The Age-Old Urge to Destroy Technology


Our go-to tale of resistance to technology is the story of the Luddites: In England in the early nineteenth century, skilled weavers and craftsmen found their livelihoods threatened by automated machinery, so they began to attack textile factories, destroying the machinery with hammers. Less familiar are the revolutionaries who used large clubs to smash thousands of hanging lanterns on the streets of Paris in 1830, in rebellion against gas lights as a form of state surveillance; or the Committee for the Liquidation or Subversion of Computers, a.k.a. CLODO, a gang that set fire to magnetic data cards and computer programs in the Toulouse offices of Philips Informatique in 1980. Members of the latter group identified themselves as information-technology workers and described their attack as “an intelligent act of sabotage,” opposing the “dangers of IT and telematics.” (The French, with their strong culture of protest, seem particularly adept at fighting the encroachments of technology.) CLODO continued to express their dissent by bombing the regional computer archives of Haute-Garonne, decrying a “society where we connect like trains in a rail yard, desperately hoping to reduce chance.” They saw digital recordkeeping as a kind of existential imprisonment, locking humanity in a cage of data. As invention rolls on, so do ingenious acts of destruction, attempts to halt so-called technological progress in the name of the organic and the soulful.

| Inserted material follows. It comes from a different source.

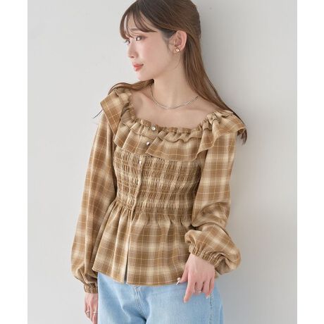シャーリングが描く、やさしいフェミニン感シャーリングの立体感が美しく、自然と体に沿うシルエットが魅力です。程よくフィットしながらも締め付け感が少ないため、長時間の着用でも心地よく過ごせます。チェック柄は主張しすぎず、コーディネートに取り入れやすいデザインです。フリルのあしらいが顔まわりを華やかに見せ、さりげなく大人可愛い印象をプラスします。デニムやスカートなど、合わせるボトムを選ばず着回し力が高いのも嬉しいポイントです。1枚で着映えし、レイヤード次第で季節を問わず活躍します。カジュアルにもきれいめにもなじみ、毎日のスタイリングをやさしく格上げしてくれる一着です。透け感[なし]
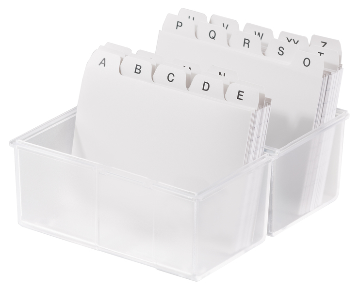 HAN Karteibox DIN A6 quer, max 400 Karten m. Stahlscharnier, transluzent-klar

These rebels, among others, are the stars of “Techno-Negative” (University of Minnesota Press), a provocative and enjoyable new book by Thomas Dekeyser, a professor of human geography at the University of Southampton. In it, Dekeyser assembles a history and taxonomy of the refusal of technologies, even ones that humans had come to depend on in their daily lives. The techno-negative attitude involves “longing for the dismantling of what sustains you,” he writes. Yearning to light some tech on fire is a relatable feeling these days, as generative artificial intelligence promises to supplant nearly every form of non-physical labor, social media wreaks havoc on the mental health of young people, and massive data centers loom as environmental blights. Dekeyser’s assembled stories may not offer a how-to manual, but they do provide inspiration for thinking against today’s dominant technologies. The book proceeds through three themed sections charting, respectively, state policies that regulate technology (“Sovereignty”); individual efforts to sabotage new technologies (“Revolt”); and attempts to escape from society’s technologized condition (“Withdrawal”). Dekeyser ultimately calls for “techno-abolitionism,” a process of deconstructing the aura of inevitability around new technologies. This is a somewhat abstruse goal, aiming not to stop technological change but to remake its character. At the book’s conclusion Dekeyser offers a tidy manifesto that may urge us on: “There is insufficient hatred for this technological world.” I could get a tattoo of that line, or at least use it as my iPhone background.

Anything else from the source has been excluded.